[Opening Dataset entries section]
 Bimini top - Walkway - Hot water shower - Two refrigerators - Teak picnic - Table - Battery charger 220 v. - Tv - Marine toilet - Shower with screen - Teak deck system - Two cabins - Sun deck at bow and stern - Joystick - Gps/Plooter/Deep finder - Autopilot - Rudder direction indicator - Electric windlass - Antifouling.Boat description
[Closing Dataset entries section]
[Opening Dataset entries section]
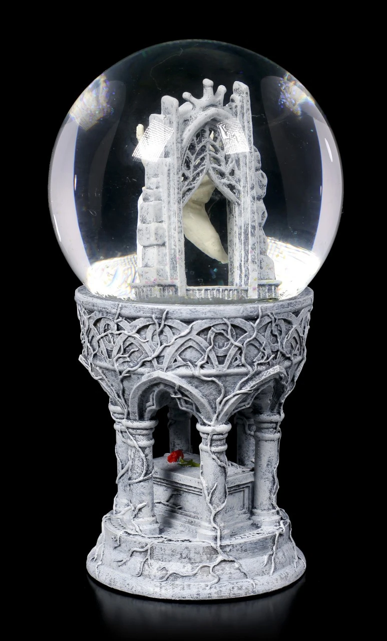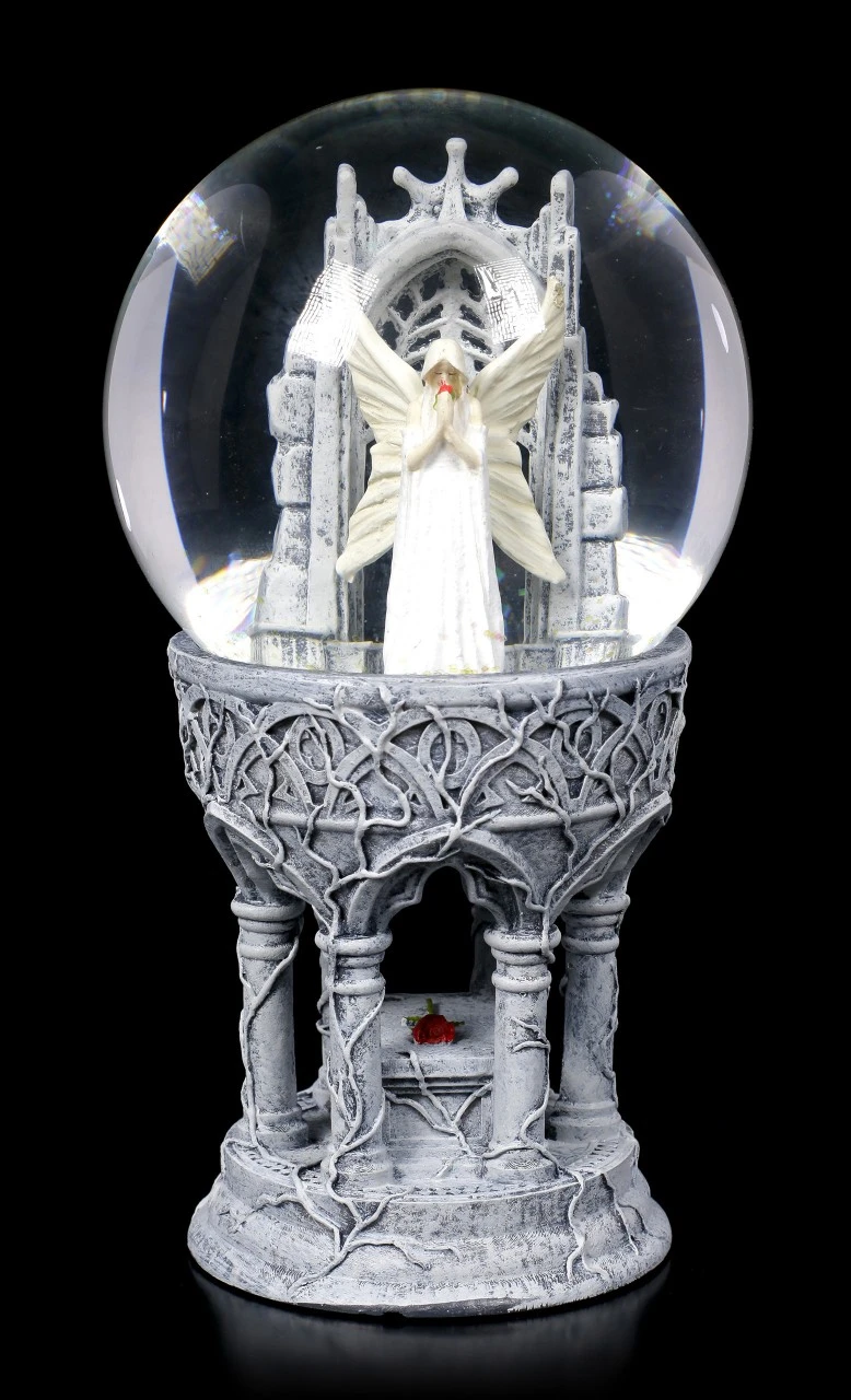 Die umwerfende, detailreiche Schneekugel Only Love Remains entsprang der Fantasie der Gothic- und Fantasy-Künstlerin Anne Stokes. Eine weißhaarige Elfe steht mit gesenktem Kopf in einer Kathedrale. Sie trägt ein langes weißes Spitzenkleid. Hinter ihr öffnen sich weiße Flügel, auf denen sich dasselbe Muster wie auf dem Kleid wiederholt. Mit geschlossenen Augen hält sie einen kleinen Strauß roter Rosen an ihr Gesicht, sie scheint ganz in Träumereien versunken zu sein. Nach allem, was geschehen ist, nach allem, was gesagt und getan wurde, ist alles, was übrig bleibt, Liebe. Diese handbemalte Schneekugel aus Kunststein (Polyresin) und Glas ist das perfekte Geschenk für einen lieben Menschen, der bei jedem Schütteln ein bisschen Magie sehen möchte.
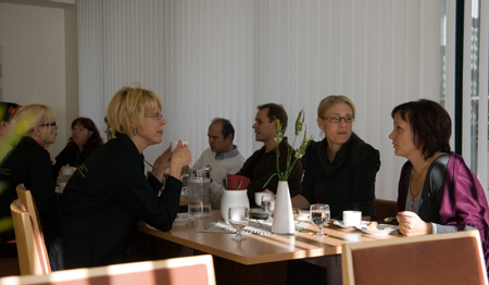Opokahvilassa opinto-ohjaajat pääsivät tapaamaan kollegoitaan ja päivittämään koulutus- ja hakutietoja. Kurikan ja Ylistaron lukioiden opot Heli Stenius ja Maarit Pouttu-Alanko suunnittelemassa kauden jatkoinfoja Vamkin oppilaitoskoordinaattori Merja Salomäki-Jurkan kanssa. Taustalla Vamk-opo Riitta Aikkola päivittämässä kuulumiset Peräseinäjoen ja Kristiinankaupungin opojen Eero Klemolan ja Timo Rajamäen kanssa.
[Closing Dataset entries section]
[Opening Dataset entries section]
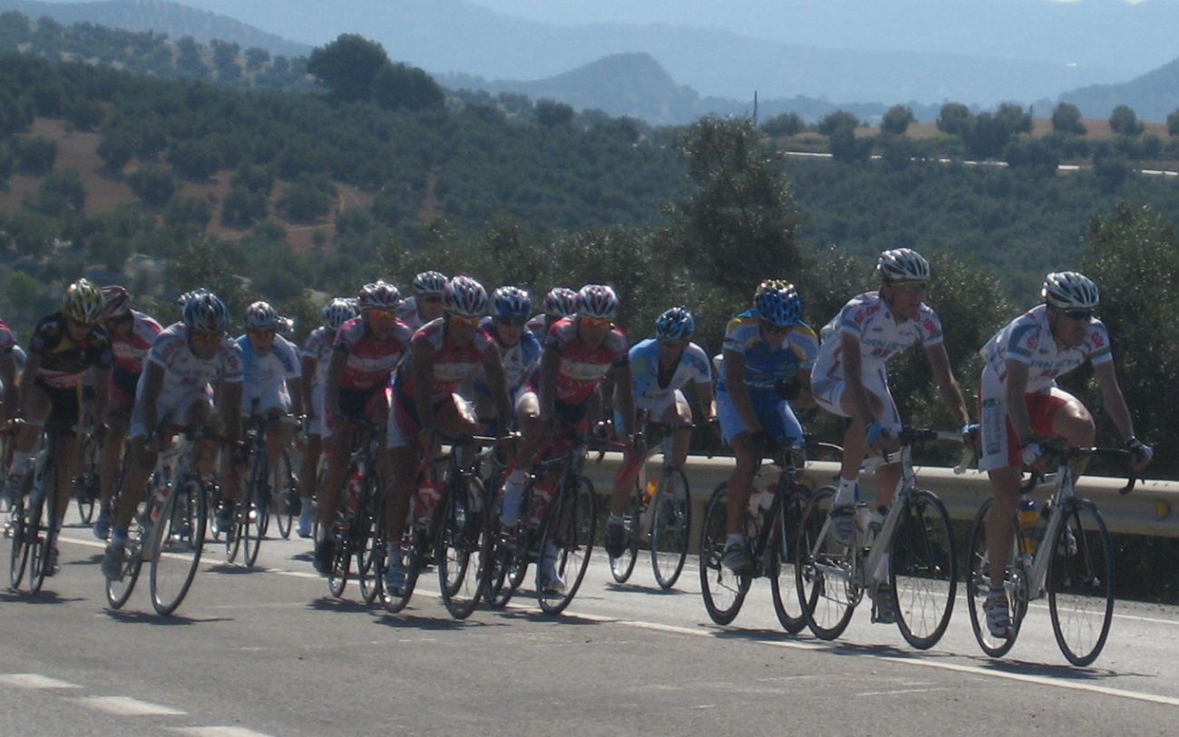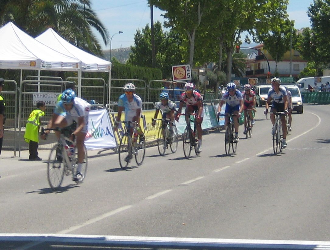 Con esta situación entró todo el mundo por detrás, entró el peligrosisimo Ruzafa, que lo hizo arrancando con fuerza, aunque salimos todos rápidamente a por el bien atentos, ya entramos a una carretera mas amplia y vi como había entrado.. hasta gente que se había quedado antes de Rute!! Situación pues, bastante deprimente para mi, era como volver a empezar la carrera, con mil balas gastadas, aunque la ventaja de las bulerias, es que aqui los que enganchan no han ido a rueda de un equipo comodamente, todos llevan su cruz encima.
[Closing Dataset entries section]
**Task directions**.
In the records above, find the line with "Die umwerfende, detailreiche" and the line with "Opokahvilassa opinto-ohjaajat pääsivät"; please transcribe exactly those two lines and all lines between them, omitting any picture.

**Output of the exercise**.
 Die umwerfende, detailreiche Schneekugel Only Love Remains entsprang der Fantasie der Gothic- und Fantasy-Künstlerin Anne Stokes. Eine weißhaarige Elfe steht mit gesenktem Kopf in einer Kathedrale. Sie trägt ein langes weißes Spitzenkleid. Hinter ihr öffnen sich weiße Flügel, auf denen sich dasselbe Muster wie auf dem Kleid wiederholt. Mit geschlossenen Augen hält sie einen kleinen Strauß roter Rosen an ihr Gesicht, sie scheint ganz in Träumereien versunken zu sein. Nach allem, was geschehen ist, nach allem, was gesagt und getan wurde, ist alles, was übrig bleibt, Liebe. Diese handbemalte Schneekugel aus Kunststein (Polyresin) und Glas ist das perfekte Geschenk für einen lieben Menschen, der bei jedem Schütteln ein bisschen Magie sehen möchte.
Opokahvilassa opinto-ohjaajat pääsivät tapaamaan kollegoitaan ja päivittämään koulutus- ja hakutietoja. Kurikan ja Ylistaron lukioiden opot Heli Stenius ja Maarit Pouttu-Alanko suunnittelemassa kauden jatkoinfoja Vamkin oppilaitoskoordinaattori Merja Salomäki-Jurkan kanssa. Taustalla Vamk-opo Riitta Aikkola päivittämässä kuulumiset Peräseinäjoen ja Kristiinankaupungin opojen Eero Klemolan ja Timo Rajamäen kanssa.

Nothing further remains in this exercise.